WORK INSTRUCTION :: Only the lines from the one bearing "이력번호 표시제품임 |" through the end of the listing belong in your response, restated word for word and without pictures.

DATA SUPPLIED ::
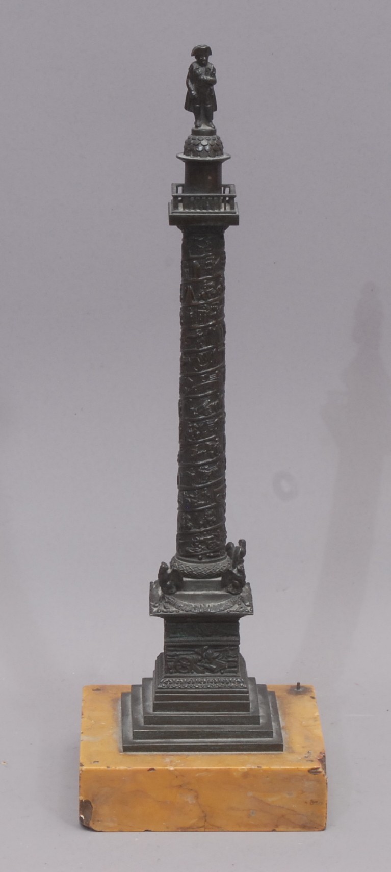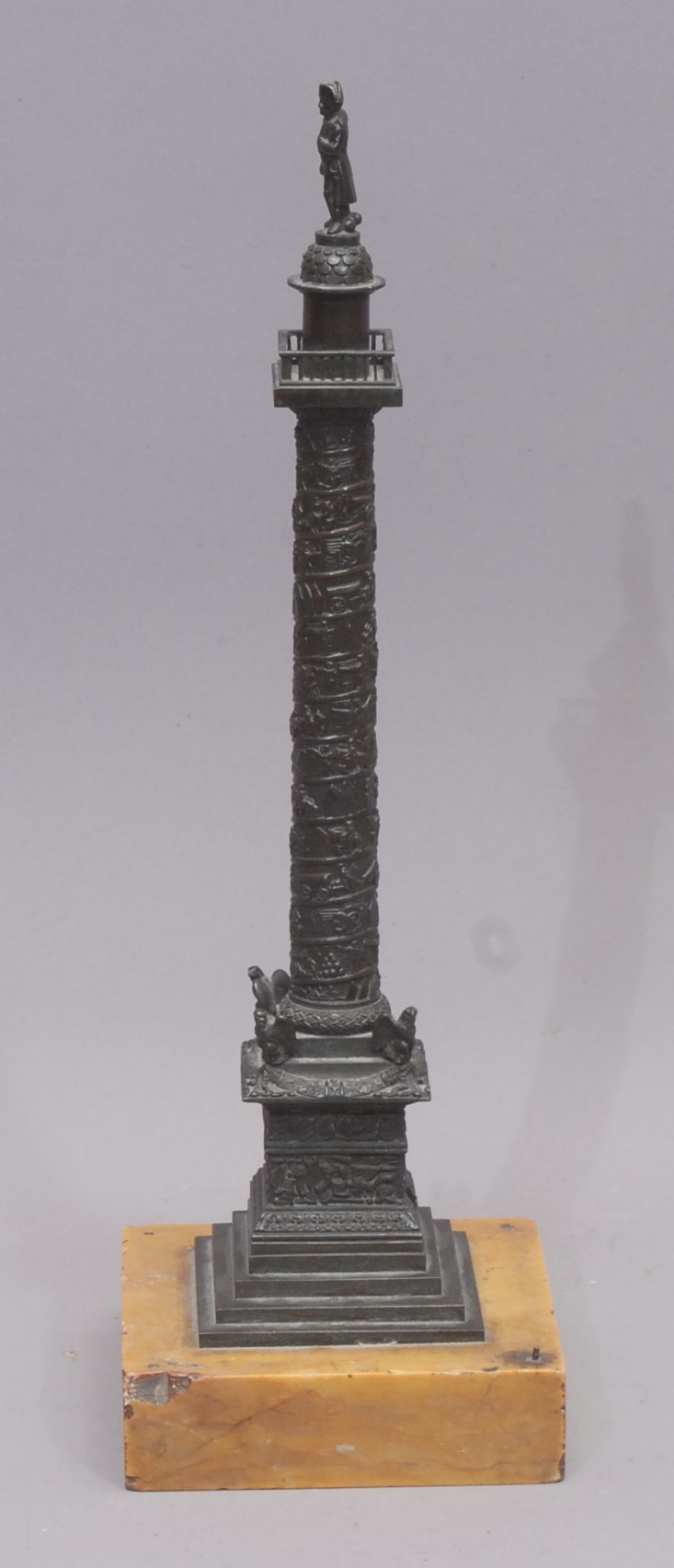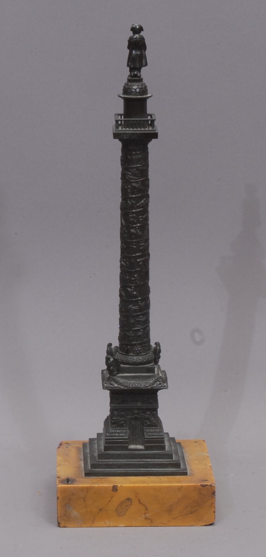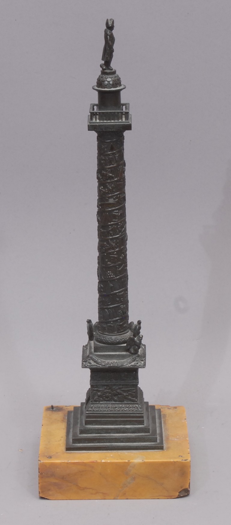 A 19th century Grand Tour dark patinated bronze library Vendome Column, Paris, Sienna marble base, 28cm high
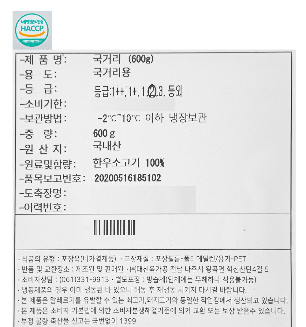 | 소비기한 또는 품질유지기한 | 소비기한(또는 유통기한) : 2026년 03월 09일 이거나 그 이후인 상품 | 세부 품목군별 표시사항 | 축산물 등급표시 : 2등급 / 이력번호 표시유무 : 이력번호 표시제품임 |
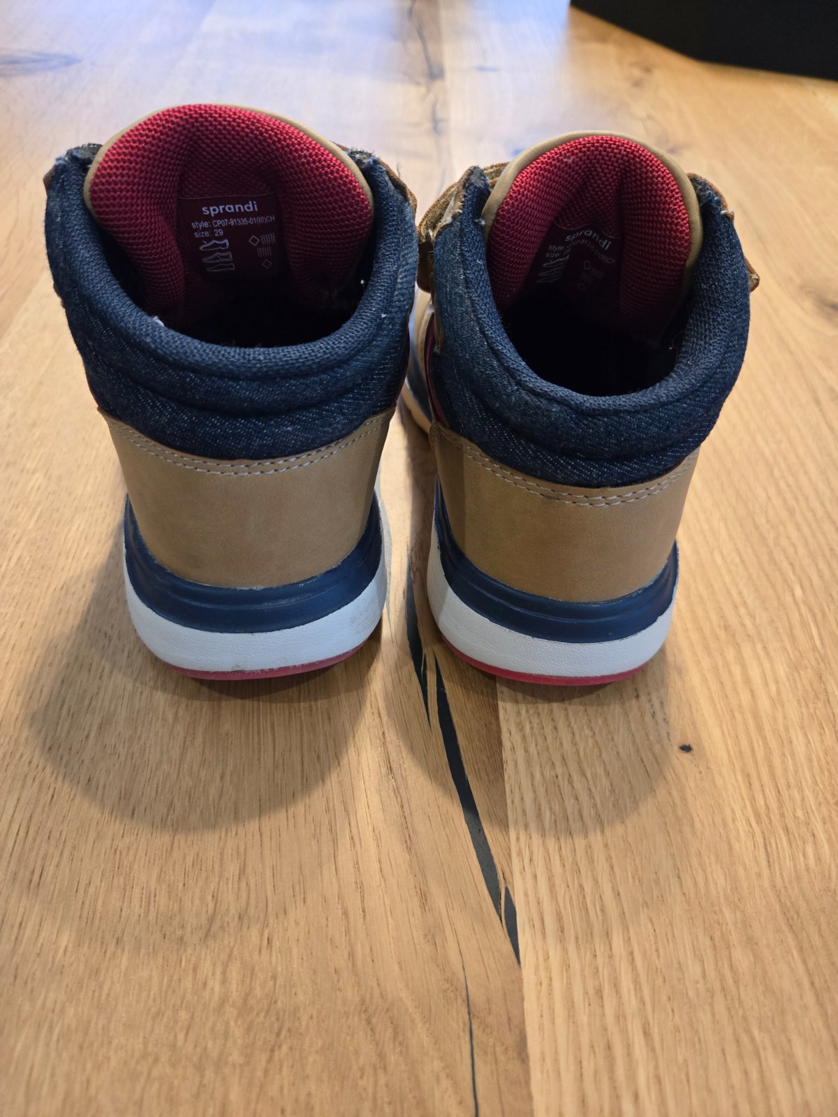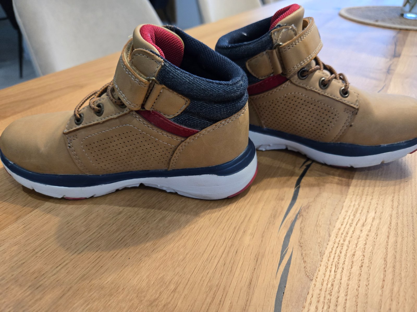 Predám chlapčenské jarné/jesenné vyššie topánočky. Kožené, veľmi pohodlné, farebne univerzálne - modro hnedé. Zapínanie na suchý zips, zipsy parádne držia. Bežne nosené, bez poškodení, známky bežné...
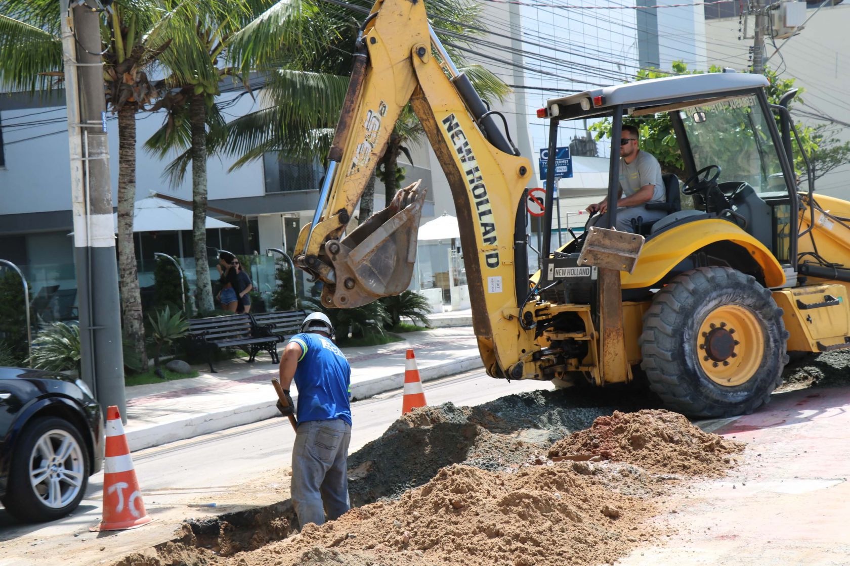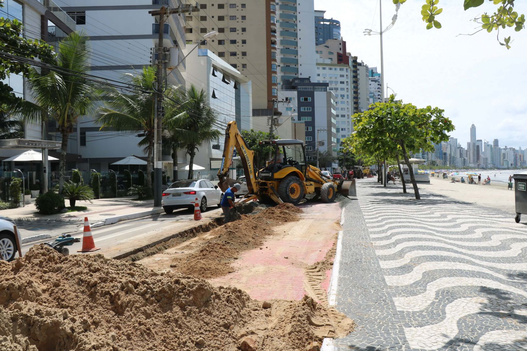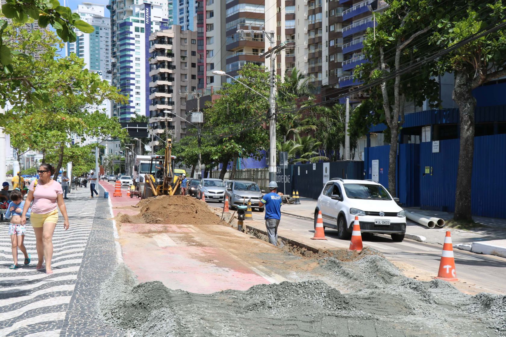 A obra de instalação do Emissário da Barra Sul foi concluída nesta semana e a nova rede coletora de esgoto segue em fase de teste, para ser colocada em operação definitiva nos próximos dias. O trecho que recebeu a rede foi pavimentado provisoriamente com lajotas até a completa compactação do solo, para posterior pavimentação asfáltica.
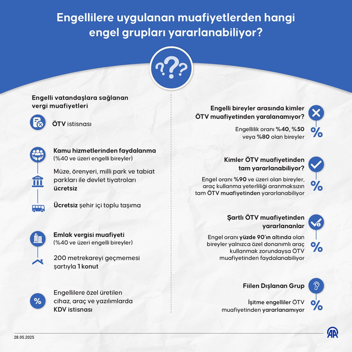 Engel oranı yüzde 90’ın altında olan bireyler ise yalnızca özel donanımlı araç kullanmak zorundaysa ÖTV muafiyetinden faydalanabiliyor. Bu kapsamda genellikle ortopedik engelliler yer alıyor.

TASK ANSWER ::
 | 소비기한 또는 품질유지기한 | 소비기한(또는 유통기한) : 2026년 03월 09일 이거나 그 이후인 상품 | 세부 품목군별 표시사항 | 축산물 등급표시 : 2등급 / 이력번호 표시유무 : 이력번호 표시제품임 |
 Predám chlapčenské jarné/jesenné vyššie topánočky. Kožené, veľmi pohodlné, farebne univerzálne - modro hnedé. Zapínanie na suchý zips, zipsy parádne držia. Bežne nosené, bez poškodení, známky bežné...
 A obra de instalação do Emissário da Barra Sul foi concluída nesta semana e a nova rede coletora de esgoto segue em fase de teste, para ser colocada em operação definitiva nos próximos dias. O trecho que recebeu a rede foi pavimentado provisoriamente com lajotas até a completa compactação do solo, para posterior pavimentação asfáltica.
 Engel oranı yüzde 90’ın altında olan bireyler ise yalnızca özel donanımlı araç kullanmak zorundaysa ÖTV muafiyetinden faydalanabiliyor. Bu kapsamda genellikle ortopedik engelliler yer alıyor.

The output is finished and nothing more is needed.